Надо было срочно прекратить его вопли, пока не проснулась мама и не сбежались соседи со всей округи. И тогда я сказал шепотом:

- Я тебя видел, пап.

- Ни черта ты не видел, - сказал он в высшей степени презрительно. Ох, какие мы высокомерные! Наверное, сказывается знатное происхождение. Но у меня был свой козырь.

- У мамы, по крайней мере, обе сиськи на месте.

Папа отправился в туалет и стал блевать, не закрыв дверь.
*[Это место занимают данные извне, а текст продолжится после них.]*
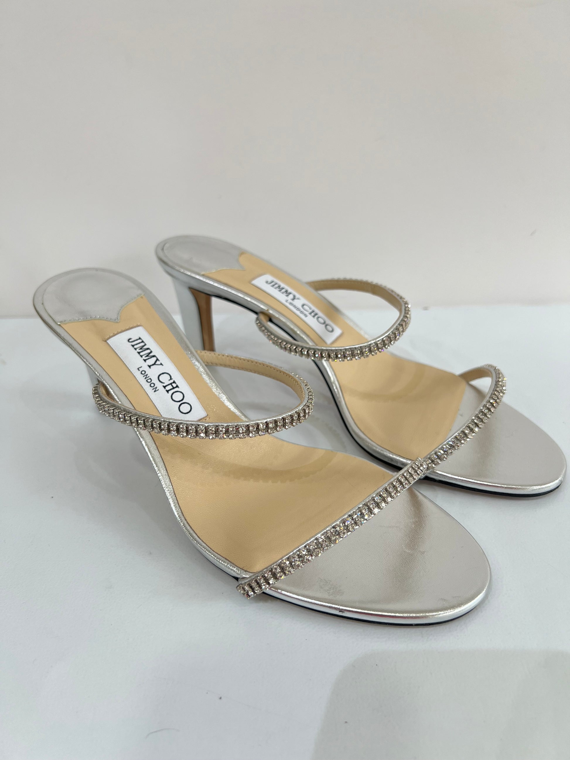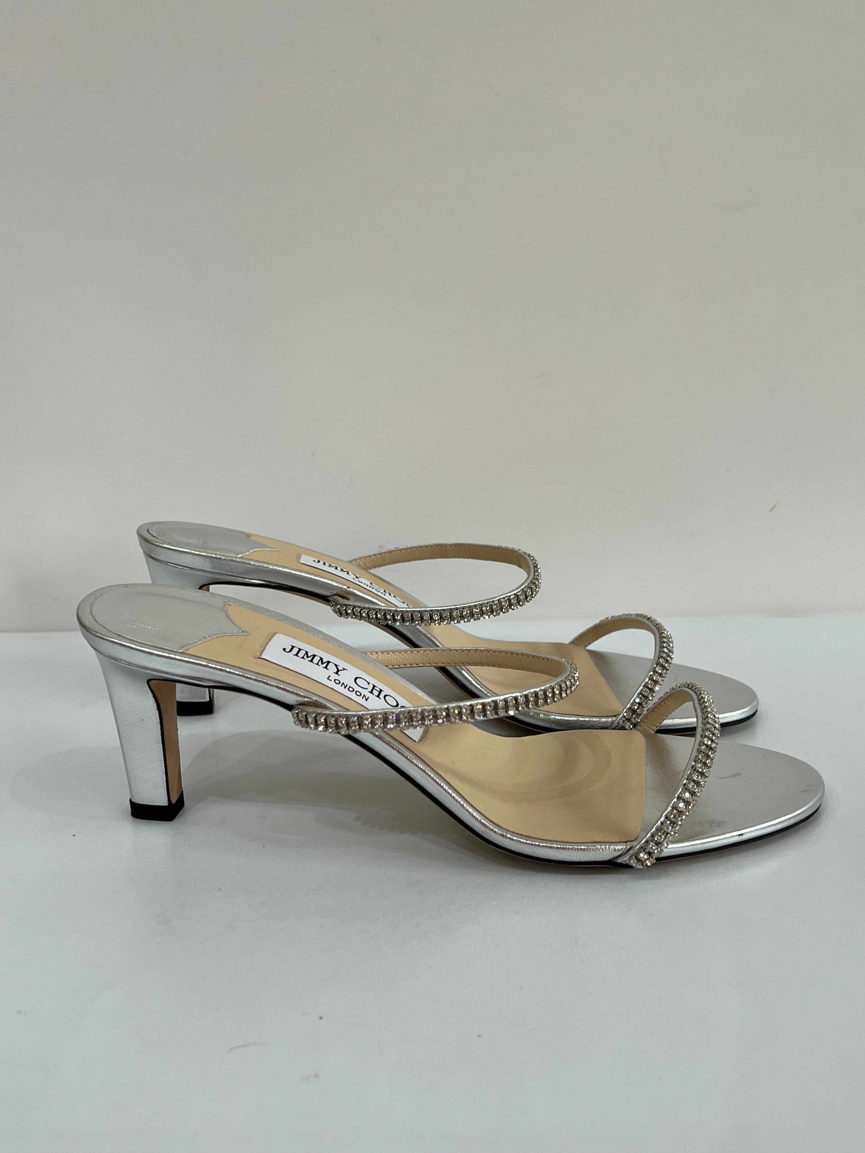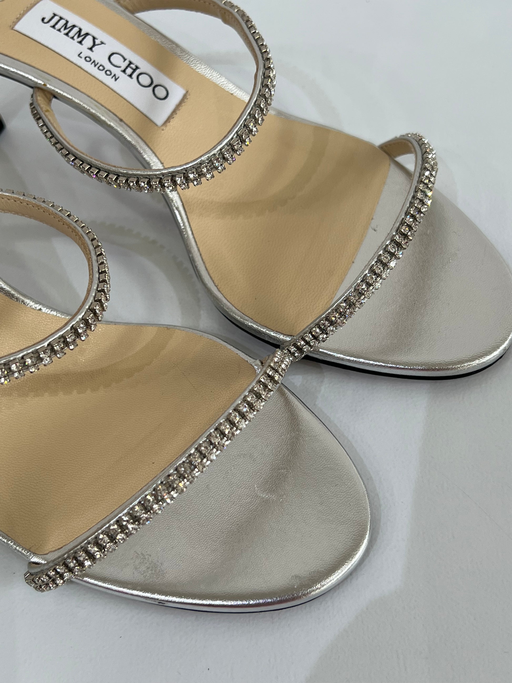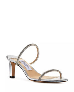 Sandalias de tacón 65mm, con tiras finas adornadas con cristales, plantilla de cuero, acabado metálico.
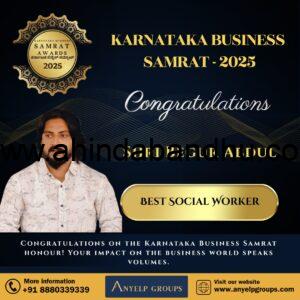 Uncategorized ಬಿಸಿನೆಸ್ ಸಾಮ್ರಾಟ್ ಅವಾರ್ಡ್ ಸೀಸನ್-2 2025 ahindabandhu April 29, 2025 1 min read 2025 ನೇ ಸಾಲಿನ ” ಅತ್ಯುತ್ತಮ ಸಮಾಜ ಸೇವಕ” ಪ್ರಶಸ್ತಿಯನ್ನು ಪಡೆದ ಶ್ರೀ ಬೇಗೂರು ಅಬ್ದುಲ್ ರವರು Post Views: 150 Facebook Twitter LinkedIn WhatsApp Messenger Email Continue Reading Previous ನೆಲ ಜಲ ಹೋರಾಟದ ಜೊತೆಗೆ ಸಂಸ್ಕೃತಿ, ಸಾಹಿತ್ಯ ಪ್ರತಿಭಾ ಪುರಸ್ಕಾರಗಳು ನೀಡುವ ಕರವೇ ಕಾರ್ಯ ಶ್ಲಾಘನೀಯ;ಶ್ರೀ.Next ಸ್ಯಾಟಲೈಟ್ ಸಿಟಿ ರಿಂಗ್ ರೋಡ್ ; ಭೂಮಿಗೆ ಭಾರೀ ಡಿಮ್ಯಾಂಡ್ Leave a Reply Cancel replyYour email address will not be published. Required fields are marked *Comment * Name * Email * Website Save my name, email, and website in this browser for the next time I comment. More Stories 1 min read Uncategorized ಮೈಸೂರಿನ ಕರ್ನಾಟಕ ರಾಜ್ಯ ಮುಕ್ತ ವಿಶ್ವವಿದ್ಯಾನಿಲಯದಲ್ಲಿ ಶ್ರೀ ಮಹರ್ಷಿ ವಾಲ್ಮೀಕಿ ಜಯಂತಿಯ ಕಾರ್ಯಕ್ರಮ …..* October 29, 2025 ahindabandhu 1 min read Uncategorized ಯಾದಗಿರಿ ಜಿಲ್ಲೆಯ ಸುರಪುರ ತಾಲೂಕಿನ ಕೆಂಭಾವಿ ಪುರಸಭೆ ವ್ಯಾಪ್ತಿಯಲ್ಲಿ ಬೀದಿ ನಾಯಿಗಳ ಕಾಟಕ್ಕೆ ಬೇಸತ್ತ ವಾಹನ ಸವಾರರು ಮತ್ತು ಸಾರ್ವಜನಿಕರು… October 27, 2025 ahindabandhu 1 min read Uncategorized October 27, 2025 ahindabandhu

Я зашел следом и гладил его по спине, пока его выворачивало наизнанку.

- Я больше никогда не заговорю об этом, - сказал я. - И ты тоже.

- Зачем ты приволок его домой в таком состоянии? - спросила мама.
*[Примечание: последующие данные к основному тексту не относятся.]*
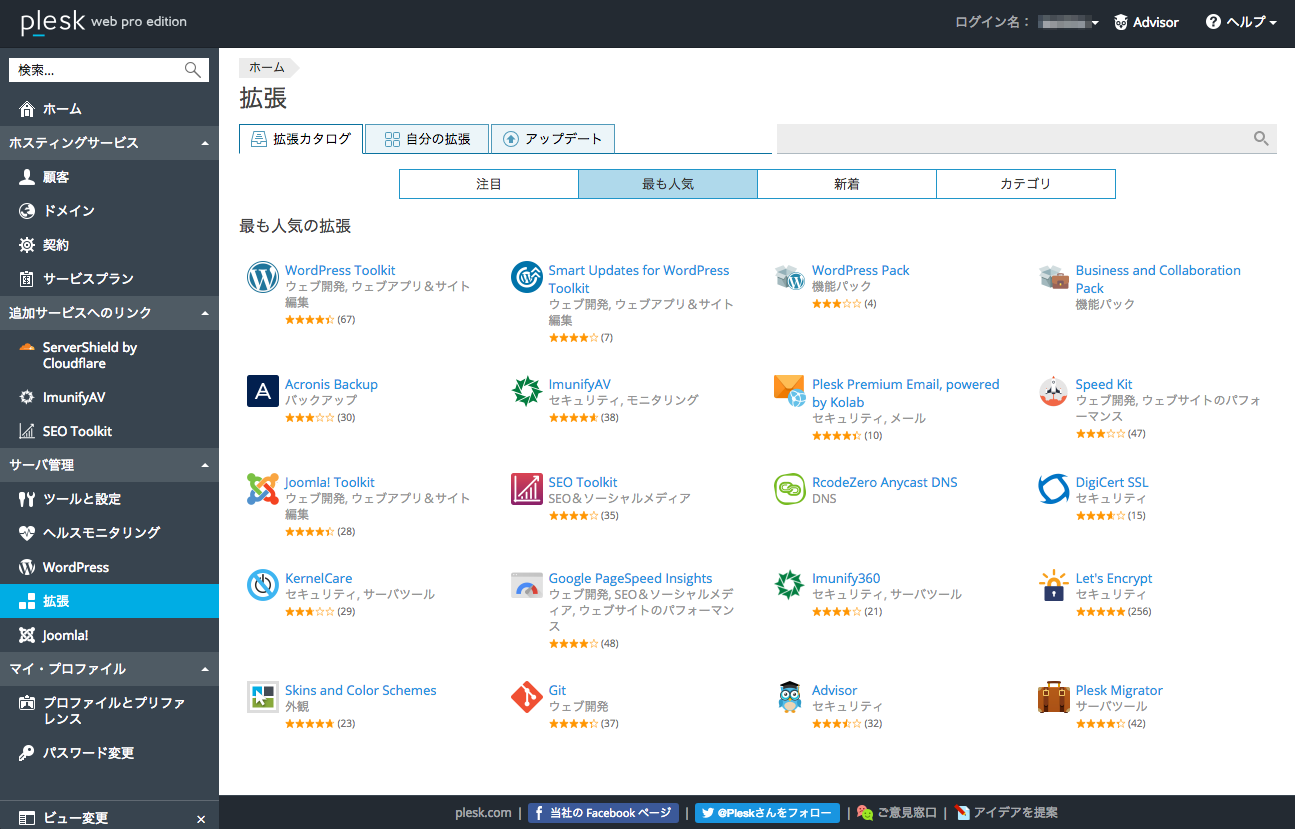 WordPressやJoomla、Drupal等のCMSも簡単インストール出来、GitHub/BitBucketなどのリモートレポジトリとも連携可能の様です。欲を出せばDocker HUB上の多彩なアプリケーションをPleskから起動・管理出来るらしい、WebDAVだって簡単にインストール出来ます(契約のメモリー容量による)数多くの機能拡張(有料・無料あり)で自分仕様のサーバを構築変更が少ない知識で自由自在に出来るのは大変助かっています。

Она стояла позади нас в длинной, чуть не до пола, ночной рубашке, отчего казалась почти квадратной. Вид у неё был измученный. Она напомнила мне о реальном мире, и мне захотелось крикнуть: "Пошел он к чертям собачьим, этот мир!"

- Что, не мог приглядеть за ним? - говорила она, то и дело дергая меня за рукав. - Я полночи не отходила от окна, ждала вас. Неужели трудно было позвонить?

Наконец папа распрямился и ринулся мимо нас.

- Постели мне в другой комнате, - сказала она. - Я не могу спать рядом с человеком, от которого воняет блевотиной. Теперь всю ночь бегать будет.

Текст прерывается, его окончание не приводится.